The Court of Appeal is based at the Royal Courts of Justice in London. | Anthony M. from Rome, Italy – Flickr via Wikimedia (CC BY 2.0).
The parents of 12-year-old Archie Battersbee have lost an appeal against a decision to remove their son from life support.
The UK Court of Appeal judges ruled on July 25 that the youngster could be disconnected from a ventilator.
On April 7, 2022, Archie was found unconscious at his home in Essex. His mother, Hollie Dance, believed that he may have been attempting an online challenge.
Archie is in the Royal London Hospital, where specialists attempted to carry out brain stem function tests. However, Archie did not respond to a peripheral nerve stimulation test, which precedes a brain stem function test.

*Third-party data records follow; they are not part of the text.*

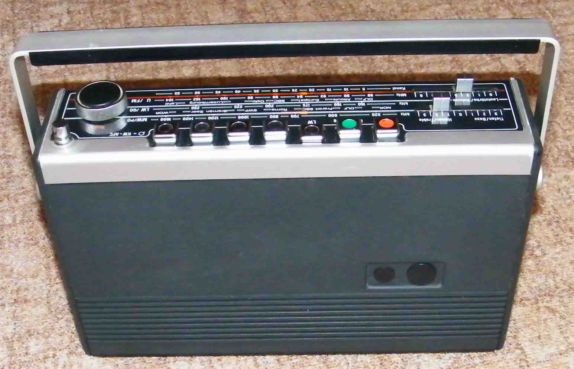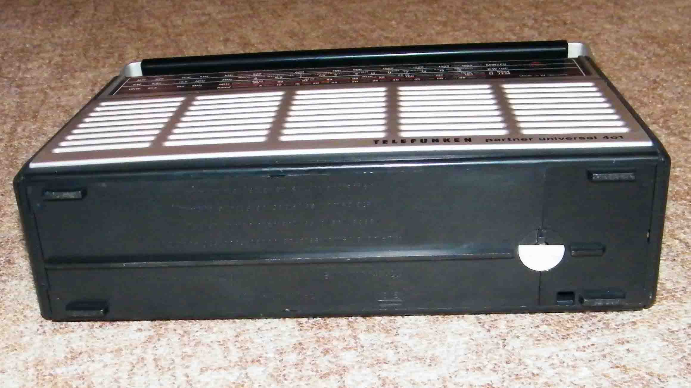 Heute hat es geklappt. Habe auf dem Flohmarkt einen "TELEFUNKEN partner universal 401" erstanden. Er ist in einem recht ordentlichen Zustand - wie die Bilder auch zeigen - ist noch ungereinigt, wie vom Markt mitgebracht. Nach dem Reinigen der Batteriekontakte und dem mehrmaligen Drücken der Bandtasten spielt er auf allen Wellen. Die Grüne Luxemburgtaste liegt im KW-Bereich 49m - die genaue Frequenz weiß ich jetzt nicht gleich. Geöffnet habe ich den noch nicht , aber da sind wohl nur die beiden Schrauben an der Seite zu lösen - oder? - habe noch nie ein Westradio geöffnet - welch Plamage -, sammle von Taschen- und Kofferradios eigentlich nur Geräte die es auch in der DDR zu kaufen gab. Aber ich hoffe doch , daß da noch TFK drin ist. Nur schade das auf der Frequenz der Grünen Taste kein Sender zu empfangen ist.
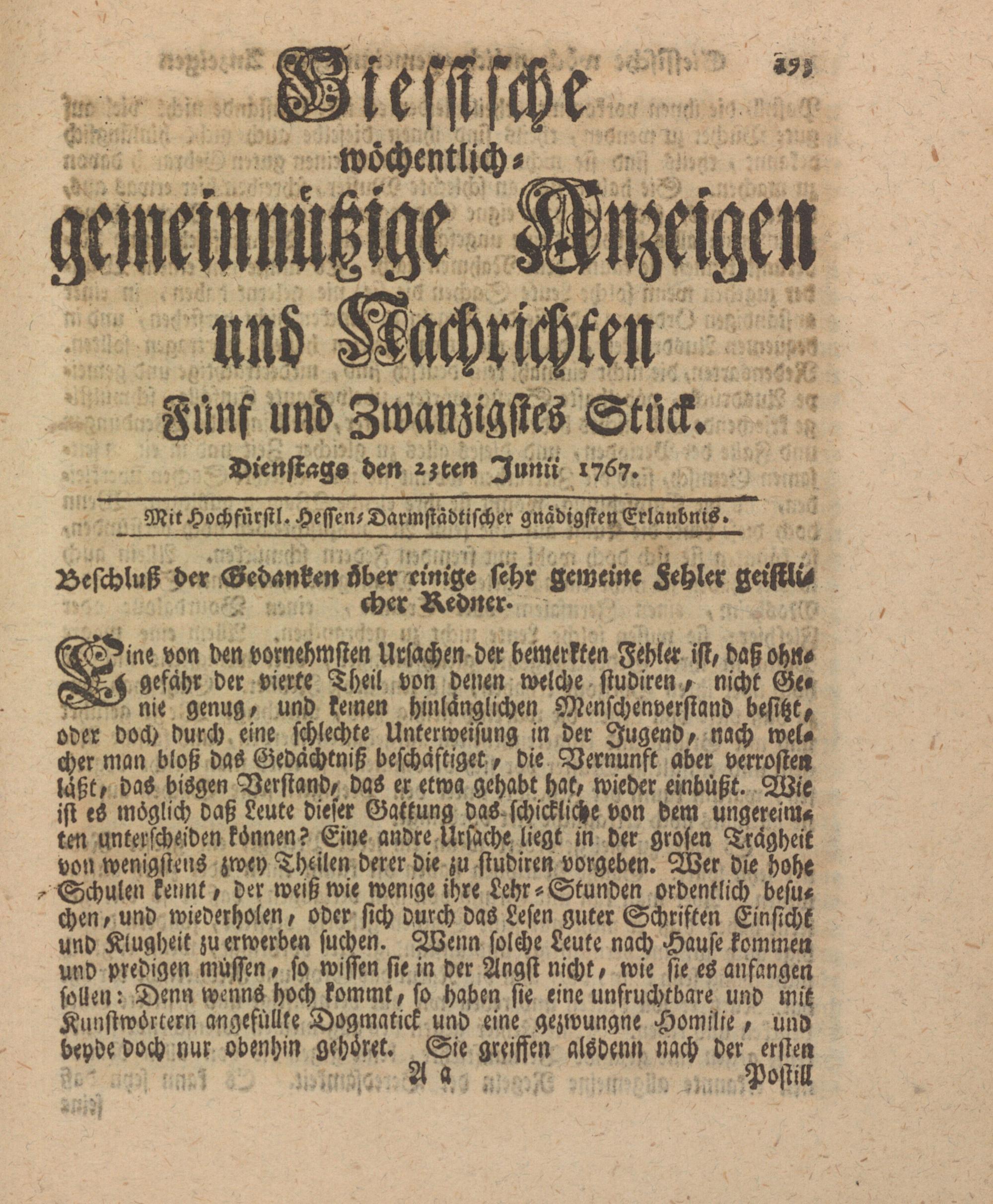 Giessische wöchentliche gemeinnützige Anzeigen und Nachrichten. 1764-1770
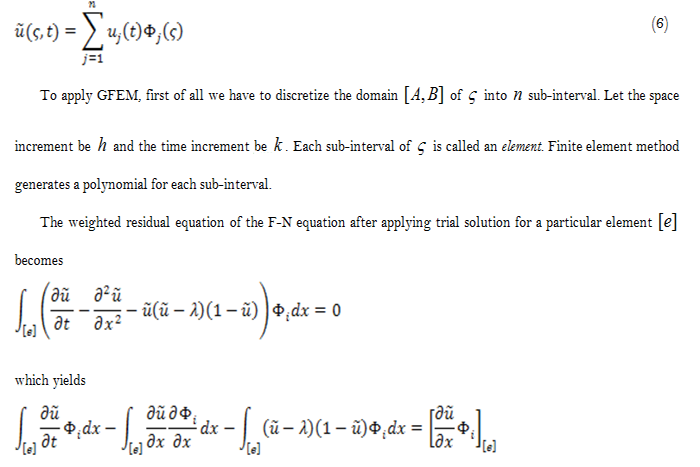 Galerkin Finite Element Method (GFEM) is an efficient numerical method for approximating numerical solutions of various problems in different branches of science. In this section, we formulate GFEM for the numerical solution of FitzHugh-Nagumo equation given as:
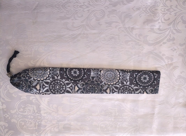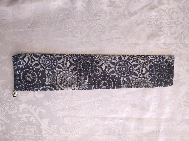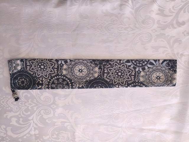 -Mélange viscose/coton mandala tons bleus/gris, cordelette noire, stop cordon argenté.
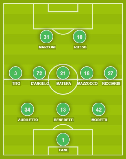 AVELLINO (3-5-2): 1 Pane; 42 Moretti, 13 Benedetti, 34 Auriletto; 27 Ricciardi, 21 Matera, 18 Mazzocco, 72 D’Angelo, 3 Tito; 10 Russo, 31 Marconi. A disposizione: 12 Marcone, 16 Pizzella, 6 Sottini, 39 Perrone, 8 Garetto, 20 Casarini, 28 Maisto, 9 Gambale, 14 Di Gaudio, 29 Trotta. Allenatore: Rastelli.
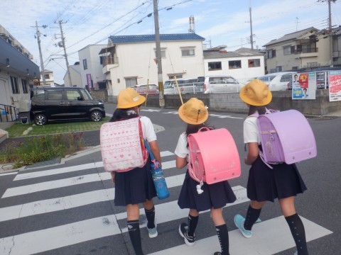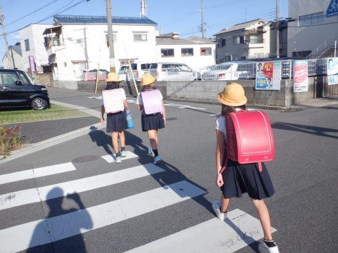 今朝の登校の様子です。秋らしくさわやかな朝です。
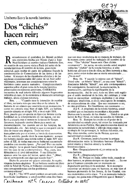 La segunda aventura de Umberto Eco [artículo] Guillermo Schavelzon.
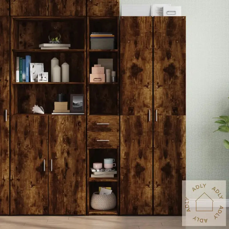 Holdbart materiale: Highboardet er laget av konstruert tre i svært god kvalitet. Overflaten er glatt og motstandsdyktig mot fuktighet, noe som gjør det solid, stabilt og slitesterkt. Perfekt for deg som ønsker robuste møbler som varer lenge, enten inne eller som en del av din møbelsamling sammen med for eksempel hagemøbler.Rikelig med oppbevaringsplass: Med flere hyller får du godt med plass til bøker, pyntegjenstander, dokumenter eller andre ting du vil ha organisert og lett tilgjengelig. Du får en smart måte å holde hjemmet ryddig på, samtidig som du har alt du trenger innen rekkevidde.Enkel å rengjøre: Overflatene på skapet kan lett tørkes av med en fuktig klut. Dette gir mindre behov for vedlikehold, slik at det alltid ser rent og pent ut uten mye innsats.Tidløs design: Med sitt minimalistiske og elegante uttrykk skaper denne oppbevaringshyllen et moderne og tidløst look. De rene linjene gjør at den enkelt kan matches med øvrige møbler eller utendørsmøbler, og den passer like godt inn i klassiske som moderne interiører.Advarsel:
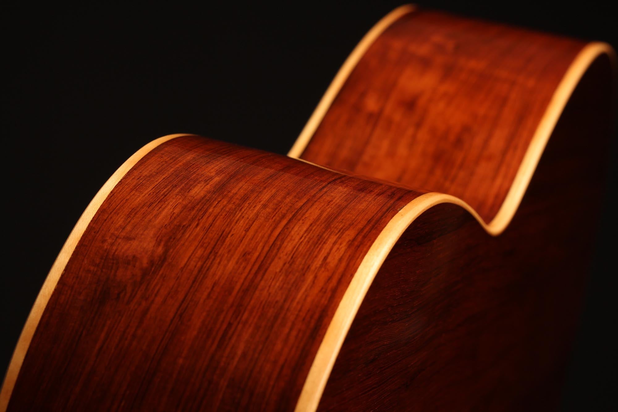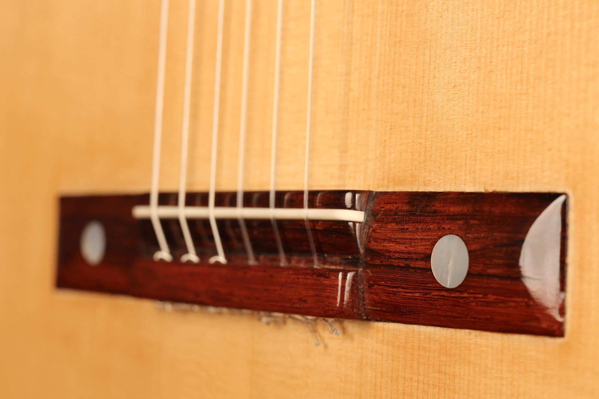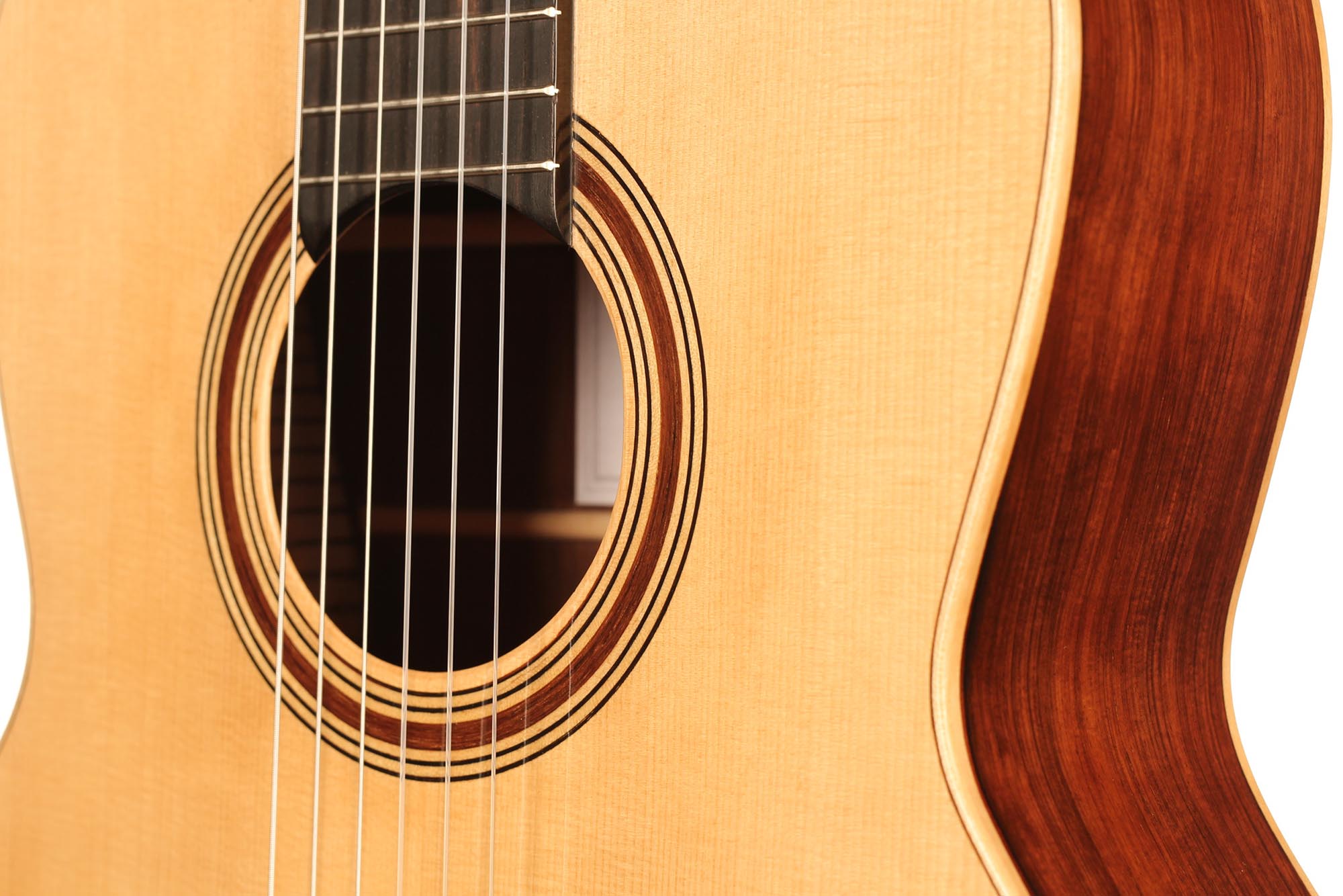 This beautiful guitar has a very traditional Spanish appearance, and one must say that the very mature tone also reminds of the warm singing Spanish guitars of the late nineteenth / early twentieth century. The round sweet trebles are very spontaneous and go very well along with the sustain-full traditional basses. A thinly worked neck as well as a 50 mm wide nut enhance the playability of this guitar and make it both a very comfortable and generously sounding instrument.

MRI scans were performed on May 31, and the High Court ruled on June 13 that it was “highly likely” that Archie was “brain stem dead”. Therefore, life support could be withdrawn.
The boy’s father spent a night in the hospital after being taken ill shortly before the most recent Court of Appeals ruling, reported the Independent. He appeared to recover and was released the following day.
Following this ruling, Bishop John Sherrington of the Diocese of Westminster said: “The sad case of Archie Battersbee’s condition is very distressing. The Catholic Church requires moral certainty before it recognizes death.”
“We seek and pray that he will continue to be treated with full dignity in his disabled condition with the continuation of his life-sustaining treatment in accord with his parent’s wishes until there is a clear agreement that his death has occurred.”
After the June hearing, Archie’s family decided to appeal the decision of the High Court. A further hearing was held in the High Court from July 11-15. Justice Hayden subsequently ruled that further treatment was “futile” and that withdrawing life support was in Archie’s best interests.
Removal of life support has been delayed by 48 hours to allow Archie’s family time to appeal to the European Court of Human Rights.
Archie’s family has been supported by the Christian Legal Center throughout this process.